В тележку «запряжен» Ванька Гайдабура, он, дурачась, подпрыгивает и ржет по-лошадиному, а за кучера восседает его брат Василек и совсем не в шутку нахлестывает его прутом.
— Проспорил, змей полосатый, дак вези, не уроси! — кричит Василек и при этом так ловко достает «конягу» по голым лыткам, что Ванька взвизгивает поросенком, «выпрягается» и с кулаками кидается на седока.
С этими ребятками не соскучишься. Я спешу на помощь, с трудом растаскиваю братьев-близнецов, и мы втроем уже мирно выходим за околицу, толкая впереди себя тележку.

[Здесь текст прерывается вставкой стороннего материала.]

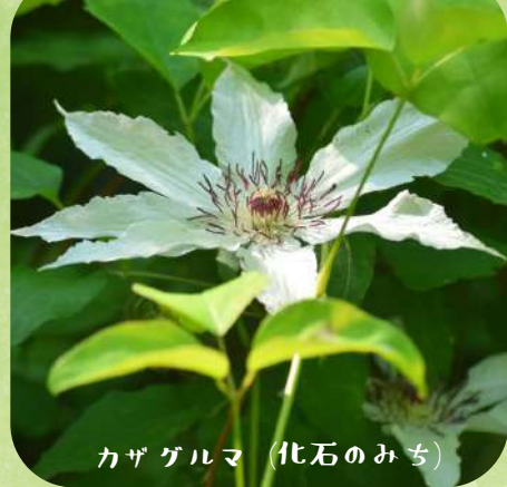
カザグルマ (化石のみち)
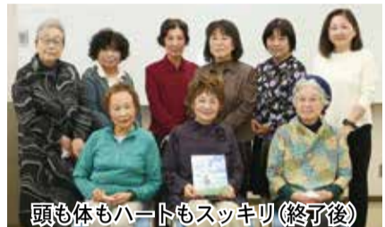
頭も体もハートもスッキリ(終了後)

[シニアのための朗読サロン] ● 仙台市福祉プラザ (第1金曜グループ・第2月曜グループ・第2金曜グループ) ● 旭ヶ丘市民センター (第3水曜グループ) 活動: 14:00 ~ 15:30 ※月1回(年10回) 月会費: 600円(入会金1,000円) 募集: 随時どなたでも(現在の会員は約40人) 問合せ: ☎080-5000-4596 (竹井・朗読サロンぽぷら)
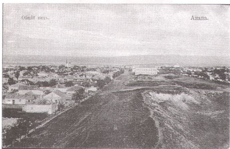
Анапа. Вид на улицу Крепостную. Остатки крепостного вала и рва. (Начало XX века).

С началом русско-турецкой войны 1828-1829 гг. Перовский формирует Таманский отряд численностью 1000 человек. Задача отряда - поддержать высадку десанта Черноморского флота при штурме Анапы. После начала штурма В.А.Перовский назначается начальником штаба всех сухопутных войск под Анапой. Анапа взята. Войска перебрасываются под крепость Варну. Здесь Перовский получает тяжелое ране-
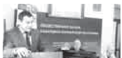
юйретуно бардырыуу, сора аланы кыауумундан кырал жарык жарыра катарланы казырлауу» – дегенди ол.
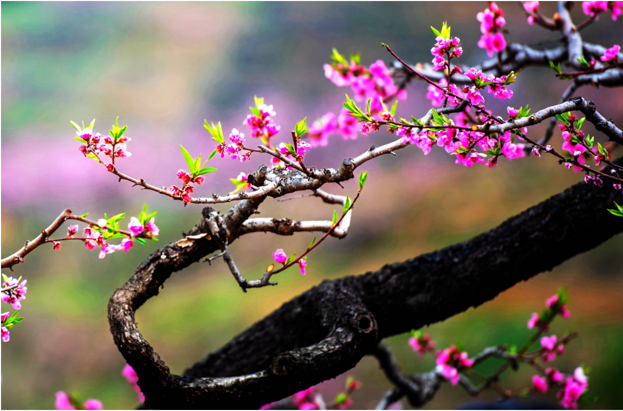
桃花弄春脸

走过荆棘沼泽，从嘉兴南湖的小小红船一路出发，披荆斩棘的战士们用热血踏出一条信仰与光明之路，穿越百年与我相会。团结奋斗的青年人，就用你那傲然的姿态去引领出属于我们的未来吧，将一部又一部壮丽的史诗继续镌刻在世界的舞台上，迎着那光芒万丈的五星星，所向披靡。
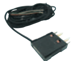
試験プラグコード
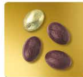
NOIR - FOURRÉ PRALINÉ
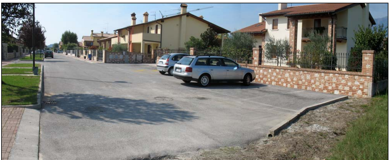
Foto 01 Vista verso ovest lungo via XXV Aprile
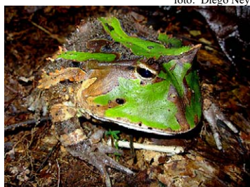
19 Ceratophrys cornuta CERATOPHRYDAE
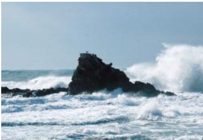
ローソク岩も冬支度
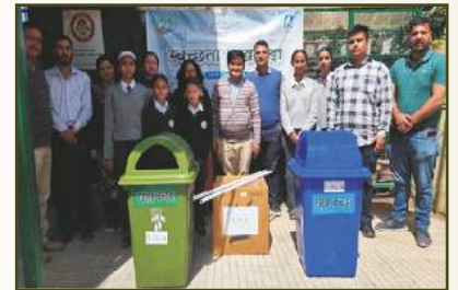
Sanitation Kit for CTU Toilet Maintenance- GSSS, Bhattakufer, Shimla HP
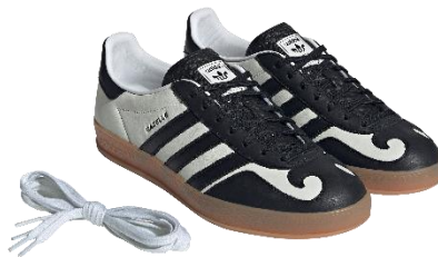
GAZELLE INDOOR (IH9990) 自店販売価格 ¥26,400 (税込)

— Ребя, я знаю, где богородской травы — навалом! — хвастает Ванька-шалопут. — За Осташкиным околком…
Богородская трава — это обыкновенный степной чабрец, такой пахучий, что кружится голова. Мы набиваем чабрецом свои холщовые сумки, с которыми ходим в школу, потом собираем и складываем в корзинки, чтобы не помять, разные цветы: синие колокольчики, исходящие тончайшим ароматом кукушкины слезки, в сыроватых ложбинках желтые блестящие лютики, белую кашку, цветы одуванчиков.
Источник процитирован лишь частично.